Definitely set replace to TRUE if you want to run a simulation, say of 100 rolls. The idea is that around 84 rolls should not be 6 (5/6 * 100):

set.seed(100)
rolls <- sample(6, 100, replace = TRUE)
t <- table(rolls)
no_6 <- t[names(t)!="6"]
sum(no_6)
((5/6) * 100) 

#9

this worked: p_no6 <- 1 - (1/6) the premise I was working under for the probability not seeing a six on a single roll was 5/6. 1/6 seems like the probability of seeing a six.
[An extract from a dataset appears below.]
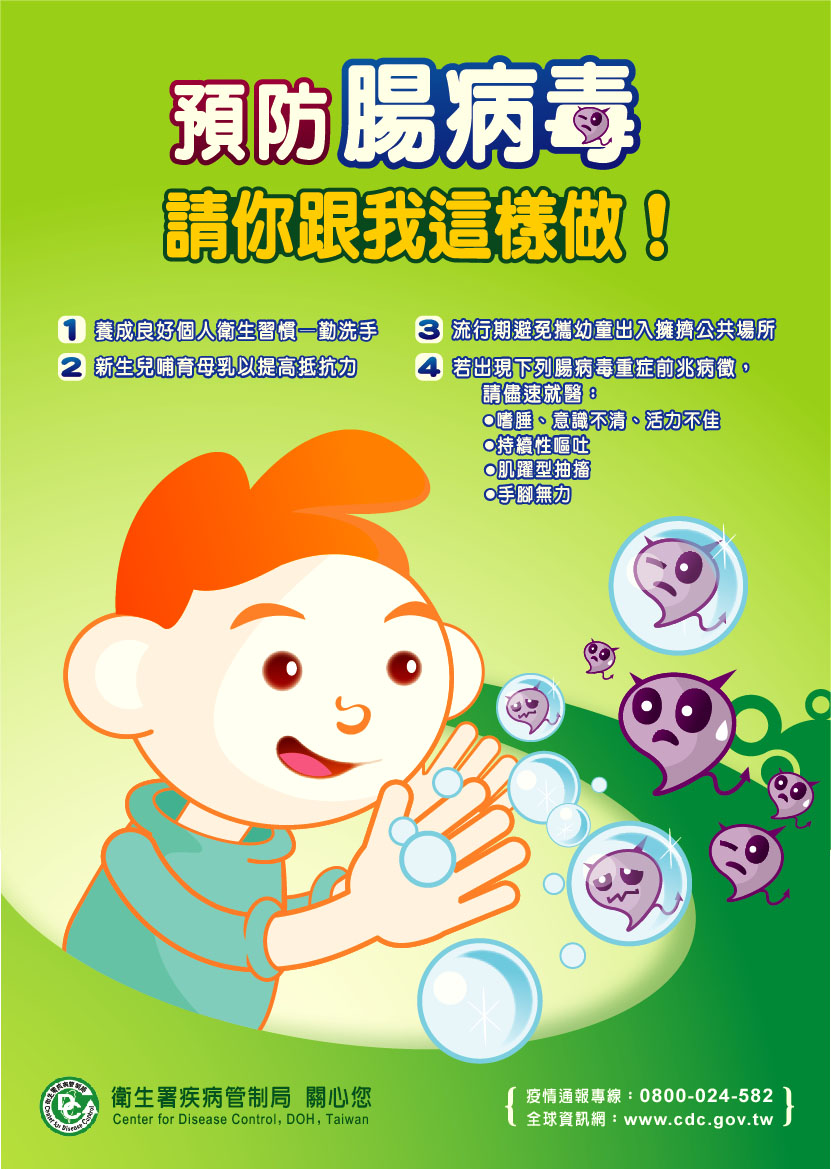 近幾年在H1N1新型流感、腸病毒、SARS等侵襲威脅下,咳嗽禮節與手部衛生的重要性不言可喻,身為媽媽的音樂才女黃韻玲特地為疾管局創作一首防疫兒歌獻給全國小朋友,藝人黃嘉千與台灣女婿夏克立帶頭獻唱,並馬上教會小童星皮蛋等三十幾位小朋友現場大合唱,也藉國際洗手日提醒社會大眾,養成用肥皂洗手的良好習慣。

why is 1/6 the probability of not seeing a six instead of 5/6 ?


#10

I did not need any simulation, just the probability. is there a reason for this ?


#11

I guess the answer that if you just want the probability answer, you don't need to use the sample() function at all. It does become useful if, like me and @jdlong , you'd like to see the actual p = 1 - (5/6) formula in action via a quick R script :slight_smile:


#12

why is it 1/6 instead of 5/6 for the probability of not seeing a six ?


#13

Is not, the probability of not seen six in a die roll it is indeed 5/6


#14

so its possible to calculate the probability without a simulation ?


#15

In this case yes, because each roll will be independent from any previous rolls, and you have discrete outcomes.


#16

so, you would want simulations for non-discrete or dependent events ?


#17

In R, I typically see simulated numbers created to build toy examples, or test out code. But for those cases, other functions, such as the runif() or rnorm() functions are usually selected to create the simulated data:

The rnorm() function will give you a set of data with a normal distribution, making it really good to learn about probabilities of continuous variables:

set.seed(100)
hist(rnorm(100))

Ideally, one starts practicing calculating probabilities on non-simulated data sets, such as iris or mtcars


#18

I see you were using simulation with replace=TRUE. I would think the default param would be better suited for simulation to get the probability


#19

If you want more simulation than the number of possible values, you need to set replace to TRUE. In the example, I requested 100 random values, so the sample() function would have failed if I would have left it intact.